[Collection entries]
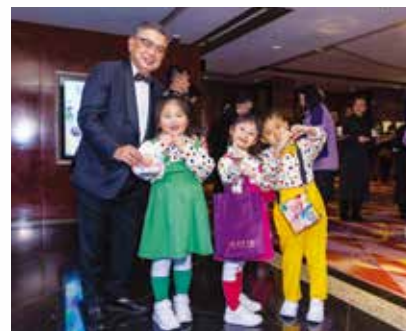
院屬裘錦秋幼稚園/幼兒中心小朋友向在場賓客勸銷獎券 Pupils of Yan Chai Hospital Tung Pak Ying Kindergarten/ Child Care Centre sold lottery tickets to the guests
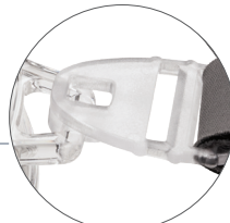
Quick-release clip eliminates the need to refit after removal
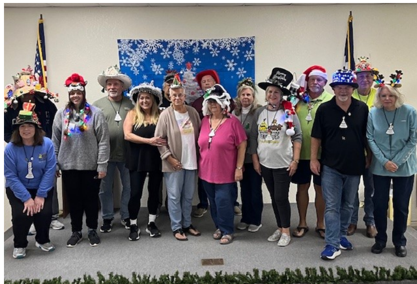
There was quite an array of Crazy Christmas Hats!
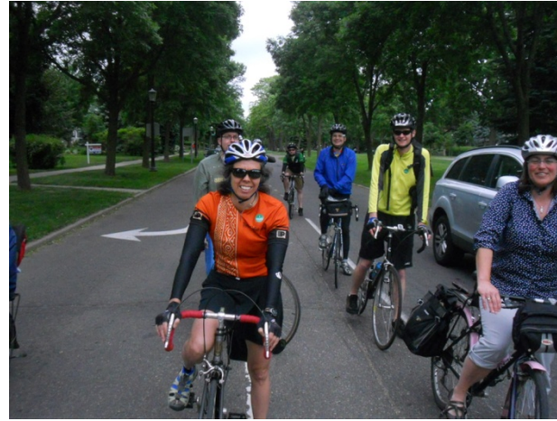
Silver Award ride past Governor's Mansion
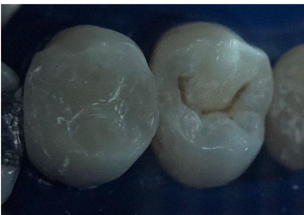
Figure 3 - Clinical features immediately after restorations on teeth 24 and 25.

restorations was the composite resin Z100 (3M) (Figure 3, 4).
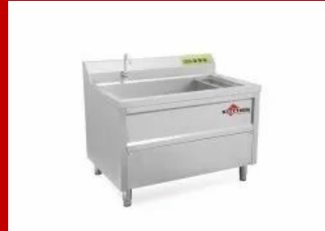
Ozone Bubble Vegetable Washer
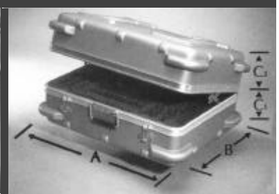
Capable of providing cases 24" deep for each lid for 48" total depth with overall dimensions of 54" x 82."
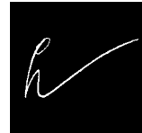
▲ Kiln mark/Potter's mark
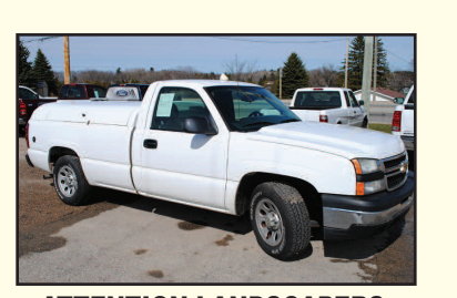
ATTENTION LANDSCAPERS 2006 Chevy Silverado with built in Spray Equipment. Topper, Leather, 4 new tires. $229 A MONTH OR LESS
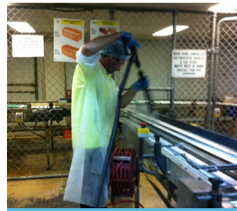
Packaging - Low Moisture
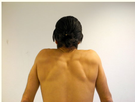
Figure 6: Test 5a: Final Position - Motion Control Shoulder Shrug Test in Neutral Position (Dominant Trapezius Descendens).
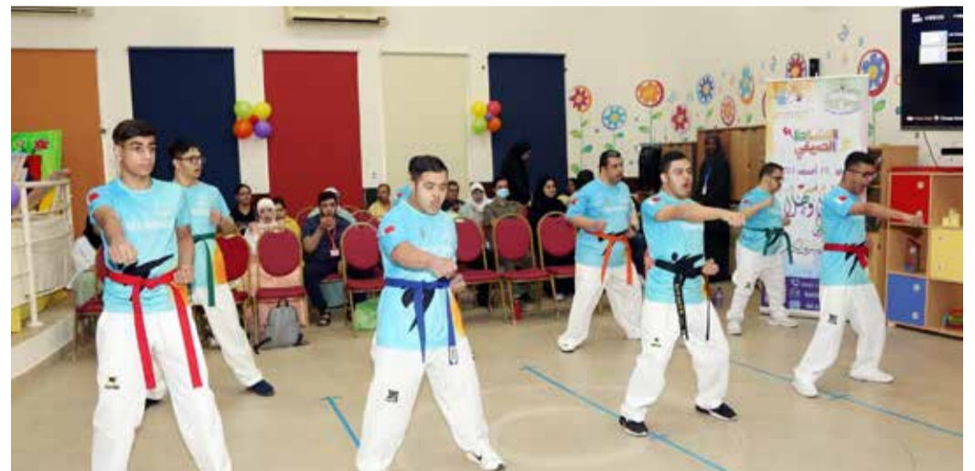
Sports is for everyone, including those with special needs
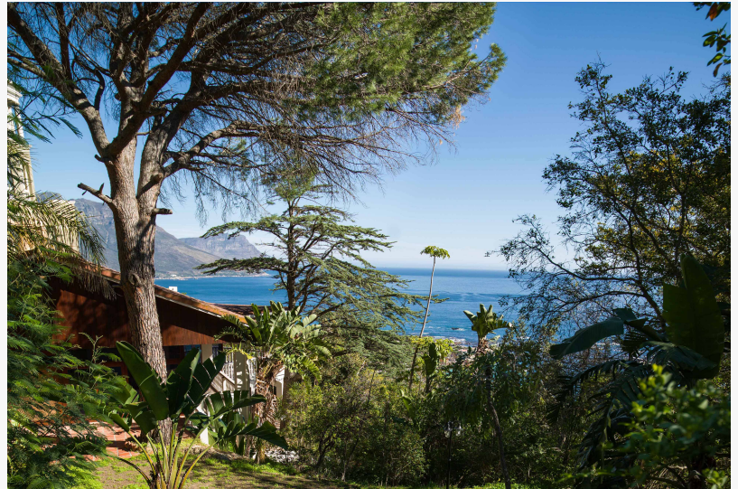
One of the houses

Cape Town Building Boom Cape Town is experiencing an unprecedented building boom, and the price of real estate has soared to new heights. According to the Weekend Argus, a respected South African news organization, over $1.5 billion (20 billion South Africa Rand) in
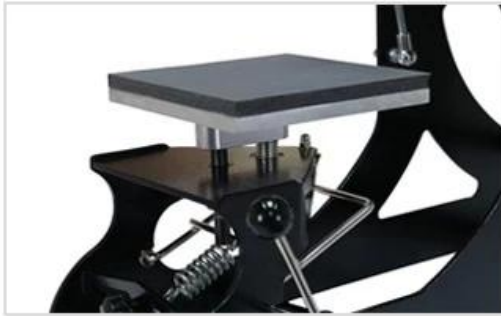
3 Quick-change 15x15cm Under Plate
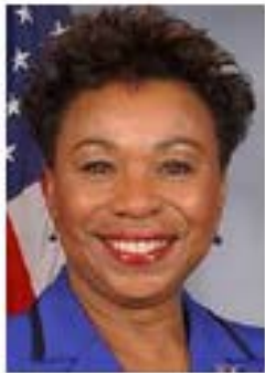
Barbara Lee (D-CA)
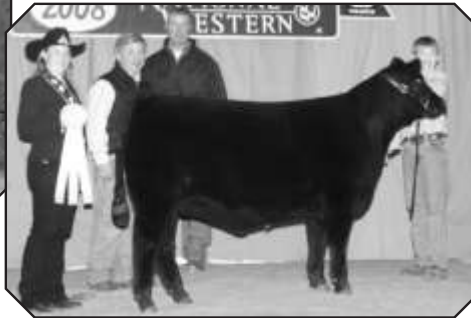
MCCURRY BLACKCAP 7028 - The Reserve Spring Heifer Calf Champion of the 2008 National Western Junior Angus Show and the 2009 Reserve Junior Champion Heifer at the National Western Stock Show.
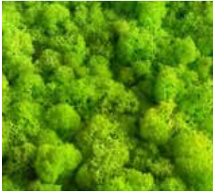
Vertical green Natural lichen that can be used only indoors. ▶ no maintenance required
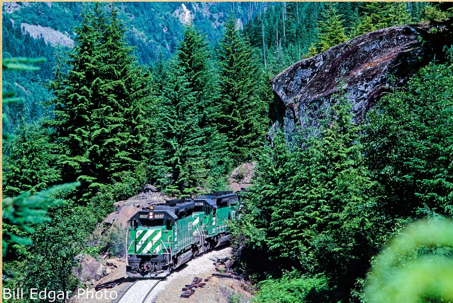
BN 6537, SD45 HEADS UP TRAIN 3 AS IT BENDS AROUND THE CURVE THRU ROCK CUTS JUST WEST OF DECEPTION CREEK, NEAR SCENIC, WA, JULY 9, 1984.
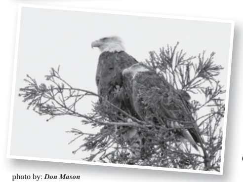
Bald eagles are an interesting bird to observe, as they are very opportunistic when sharing habitat with ospreys, which they do at both Lexington and Vasona. Many times they will follow a hunting osprey and when the osprey catches a fish, the eagle swoops in to claim the prize as its own.
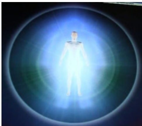
SCI0 figure 5: Mr Nagy 3 weeks after Transcension (fourth and final activation)
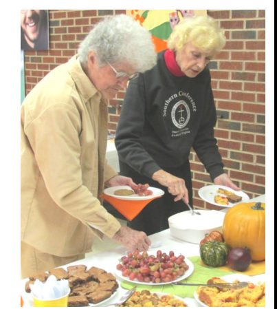
Senior Fall Outing 2013
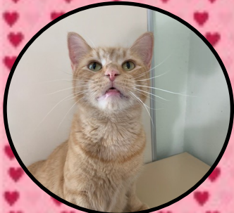
Opal, 2 years
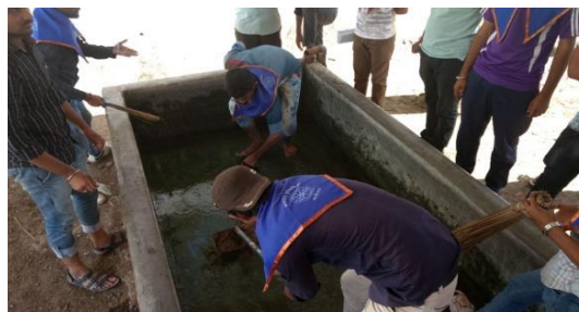
Cleaning activities during NSS Camp
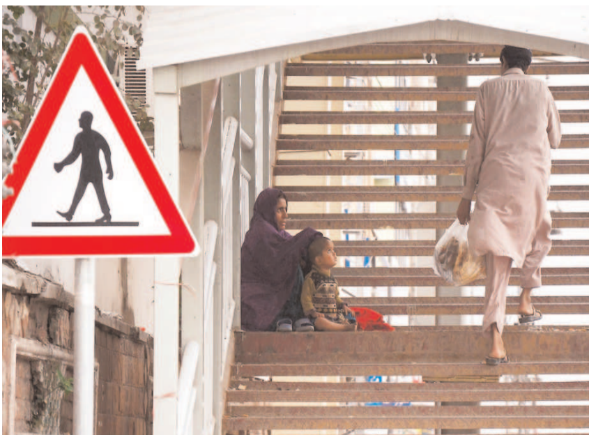
PESHAWAR: Beggar woman alongwith her child sitting on pedestrian bridge stairs while asking for some mercy.

PESHAWAR (APP): The Peshawar Electrical Supply Company (PESCO) on Monday notified power suspension schedule of various grid stations of the province due to maintenance work on August 22 (Tuesday) as follows: 132 KV Jamrud Grid Station from 7 a.m. to 12 p.m., affecting consumers of 11 KV Gull Abad feeders. 132 KV Warsak Power House from 8 a.m. to 6 p.m., affecting consumer of 132 KV New Warsk, Peshawar Cantt, Regi Model Town, Jamrud, and Sakhi Chashma Grid connected 11 KV feeders. 132 KV Peshawar University Grid Station from 7 a.m. to 12 p.m., affecting consumers of 11 KV Malakandher, Engineering, Regi, Taja Abad, Tajabad 2, Mera Achini, HMC, Ring Road, Danish Abad, Gharib Abad, Rahat Abad 1, CMB, Abdara, Achini 1, HBK, Regi, DHA, Askari 6, Abdulrazak, Pawakay and Commercial Baling feeders. 132 KV Mansehra Grid Station from 7 a.m. to 12 p.m., affecting consumers of 11 KV Ghazikot, Ahsan Shaheed, City 1,2, Qalandar Abad, Attar Shesha, Shaheen Shaheed, Lasin Nawab, Muradpur, Khaki and Shankiyari feeders.
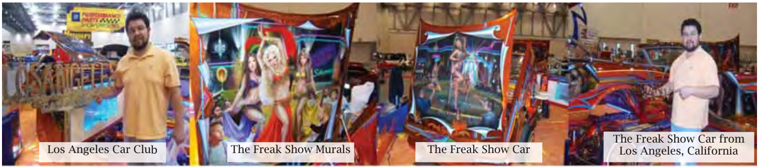
Los Angeles Car Club
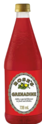
Rose's Grenadine Syrup
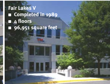
Fair Lakes V ■ Completed in 1989 ■ 4 floors ■ 96,951 square feet
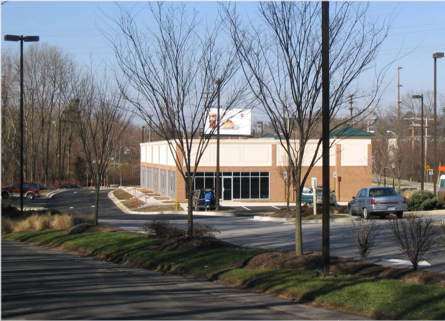
ACADEMY CROSSING IN THE ODENTON TOWN CENTER
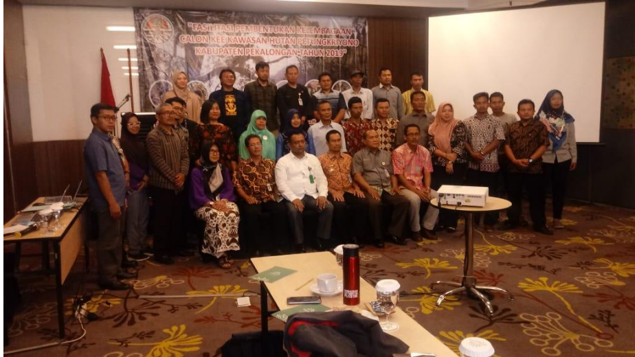
Group photo collaborative forum for Petungkriyono forest management

A collaborative forum for Petungkriyono forest management have been established, based on the latest stakeholder meeting on 14 November 2019 hosted by Forestry Agency of Central Javan Province. We joint as a member of this forum and all agree to propose petungkriyono as Essential Ecosystem Area, a new conservation area form that managed based on collaborative management under Ministry of Forestry Republic of Indonesia . in the forum we proposed an area about 7,6833 Ha for essential ecosystem.
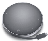
DELL MOBILE SPEAKERPHONE | MH3021P

Designed to work seamlessly across 3 devices, this compact keyboard mouse combo keeps your desk clutter-free and lets you stay productive with up to 36 months 26 of battery life.
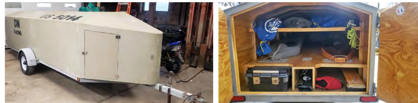
Mark Isabell US5014

and runners in the bottom side compartments. The top shelf holds booms and sails, thus keeping the center of gravity as low as possible for better towing characteristics.
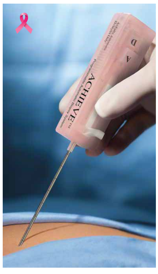
Pink Achieve is designed for breast biopsy with larger gauge size.

Reliable sample retrieval reduces risk of sample loss
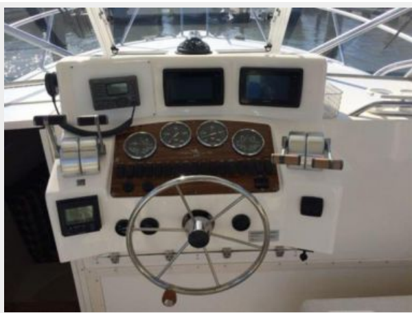
Helm / Electronics & Navigation 1
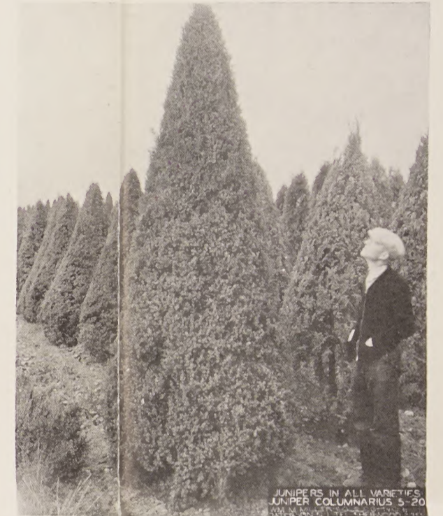
CLUMNAR CHINESE JUNIPER JUNIPER CHINENSIS COLUMNARIS 4-5', 5-6', 6-7', 7-8', 8-9', 9-10', 10-12', 12-14'
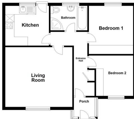
Total area: approx. 58.8 sq. metres (632.5 sq. feet)

Whilst every attempt has been made to ensure the accuracy of this floorplan, all measurements are approximate and no responsibility is taken for any error, omission or mis-statement. This plan and its measurements are for illustrative purposes only. Plan produced using PlanUp.
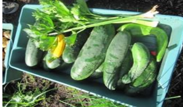
Patches with vegetables and flowers at Rebus, spring 2011
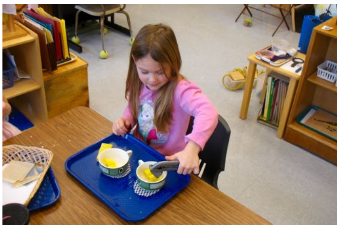
Practical life - squeezing: garlic press and sponges - they squeeze out the water.
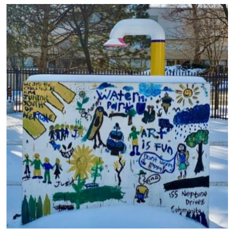
Figure 10: Public art by youth, on utility box in TCH splash pad.

Lawrence Heights is unlike many other communities in that its public art is a direct reflection of the community. The artists are consciously locally hired or inspired. Dillon Consulting's urban planner, Miriam Bart, confirmed that Lawrence Heights is an anomaly among many neighbourhoods in Toronto and the GTA, such as Oakville, that are often more interested in the work of global architects who can produce a defining feature that draws wider attraction and tourism. Such formal placemaking efforts consciously brand a place and approach public art from an economic development perspective (Garcia et al., 2019). Drawing on her current planning work related to

*Exercise*
Word for word and without any pictures, return all of the lines above.

*Exercise output*
院屬裘錦秋幼稚園/幼兒中心小朋友向在場賓客勸銷獎券 Pupils of Yan Chai Hospital Tung Pak Ying Kindergarten/ Child Care Centre sold lottery tickets to the guests
Quick-release clip eliminates the need to refit after removal
There was quite an array of Crazy Christmas Hats!
Silver Award ride past Governor's Mansion
Figure 3 - Clinical features immediately after restorations on teeth 24 and 25.

restorations was the composite resin Z100 (3M) (Figure 3, 4).
Ozone Bubble Vegetable Washer
Capable of providing cases 24" deep for each lid for 48" total depth with overall dimensions of 54" x 82."
▲ Kiln mark/Potter's mark
ATTENTION LANDSCAPERS 2006 Chevy Silverado with built in Spray Equipment. Topper, Leather, 4 new tires. $229 A MONTH OR LESS
Packaging - Low Moisture
Figure 6: Test 5a: Final Position - Motion Control Shoulder Shrug Test in Neutral Position (Dominant Trapezius Descendens).
Sports is for everyone, including those with special needs
One of the houses

Cape Town Building Boom Cape Town is experiencing an unprecedented building boom, and the price of real estate has soared to new heights. According to the Weekend Argus, a respected South African news organization, over $1.5 billion (20 billion South Africa Rand) in
3 Quick-change 15x15cm Under Plate
Barbara Lee (D-CA)
MCCURRY BLACKCAP 7028 - The Reserve Spring Heifer Calf Champion of the 2008 National Western Junior Angus Show and the 2009 Reserve Junior Champion Heifer at the National Western Stock Show.
Vertical green Natural lichen that can be used only indoors. ▶ no maintenance required
BN 6537, SD45 HEADS UP TRAIN 3 AS IT BENDS AROUND THE CURVE THRU ROCK CUTS JUST WEST OF DECEPTION CREEK, NEAR SCENIC, WA, JULY 9, 1984.
Bald eagles are an interesting bird to observe, as they are very opportunistic when sharing habitat with ospreys, which they do at both Lexington and Vasona. Many times they will follow a hunting osprey and when the osprey catches a fish, the eagle swoops in to claim the prize as its own.
SCI0 figure 5: Mr Nagy 3 weeks after Transcension (fourth and final activation)
Senior Fall Outing 2013
Opal, 2 years
Cleaning activities during NSS Camp
PESHAWAR: Beggar woman alongwith her child sitting on pedestrian bridge stairs while asking for some mercy.

PESHAWAR (APP): The Peshawar Electrical Supply Company (PESCO) on Monday notified power suspension schedule of various grid stations of the province due to maintenance work on August 22 (Tuesday) as follows: 132 KV Jamrud Grid Station from 7 a.m. to 12 p.m., affecting consumers of 11 KV Gull Abad feeders. 132 KV Warsak Power House from 8 a.m. to 6 p.m., affecting consumer of 132 KV New Warsk, Peshawar Cantt, Regi Model Town, Jamrud, and Sakhi Chashma Grid connected 11 KV feeders. 132 KV Peshawar University Grid Station from 7 a.m. to 12 p.m., affecting consumers of 11 KV Malakandher, Engineering, Regi, Taja Abad, Tajabad 2, Mera Achini, HMC, Ring Road, Danish Abad, Gharib Abad, Rahat Abad 1, CMB, Abdara, Achini 1, HBK, Regi, DHA, Askari 6, Abdulrazak, Pawakay and Commercial Baling feeders. 132 KV Mansehra Grid Station from 7 a.m. to 12 p.m., affecting consumers of 11 KV Ghazikot, Ahsan Shaheed, City 1,2, Qalandar Abad, Attar Shesha, Shaheen Shaheed, Lasin Nawab, Muradpur, Khaki and Shankiyari feeders.
Los Angeles Car Club
Rose's Grenadine Syrup
Fair Lakes V ■ Completed in 1989 ■ 4 floors ■ 96,951 square feet
ACADEMY CROSSING IN THE ODENTON TOWN CENTER
Group photo collaborative forum for Petungkriyono forest management

A collaborative forum for Petungkriyono forest management have been established, based on the latest stakeholder meeting on 14 November 2019 hosted by Forestry Agency of Central Javan Province. We joint as a member of this forum and all agree to propose petungkriyono as Essential Ecosystem Area, a new conservation area form that managed based on collaborative management under Ministry of Forestry Republic of Indonesia . in the forum we proposed an area about 7,6833 Ha for essential ecosystem.
DELL MOBILE SPEAKERPHONE | MH3021P

Designed to work seamlessly across 3 devices, this compact keyboard mouse combo keeps your desk clutter-free and lets you stay productive with up to 36 months 26 of battery life.
Mark Isabell US5014

and runners in the bottom side compartments. The top shelf holds booms and sails, thus keeping the center of gravity as low as possible for better towing characteristics.
Pink Achieve is designed for breast biopsy with larger gauge size.

Reliable sample retrieval reduces risk of sample loss
Helm / Electronics & Navigation 1
CLUMNAR CHINESE JUNIPER JUNIPER CHINENSIS COLUMNARIS 4-5', 5-6', 6-7', 7-8', 8-9', 9-10', 10-12', 12-14'
Total area: approx. 58.8 sq. metres (632.5 sq. feet)

Whilst every attempt has been made to ensure the accuracy of this floorplan, all measurements are approximate and no responsibility is taken for any error, omission or mis-statement. This plan and its measurements are for illustrative purposes only. Plan produced using PlanUp.
Patches with vegetables and flowers at Rebus, spring 2011
Practical life - squeezing: garlic press and sponges - they squeeze out the water.
Figure 10: Public art by youth, on utility box in TCH splash pad.

Lawrence Heights is unlike many other communities in that its public art is a direct reflection of the community. The artists are consciously locally hired or inspired. Dillon Consulting's urban planner, Miriam Bart, confirmed that Lawrence Heights is an anomaly among many neighbourhoods in Toronto and the GTA, such as Oakville, that are often more interested in the work of global architects who can produce a defining feature that draws wider attraction and tourism. Such formal placemaking efforts consciously brand a place and approach public art from an economic development perspective (Garcia et al., 2019). Drawing on her current planning work related to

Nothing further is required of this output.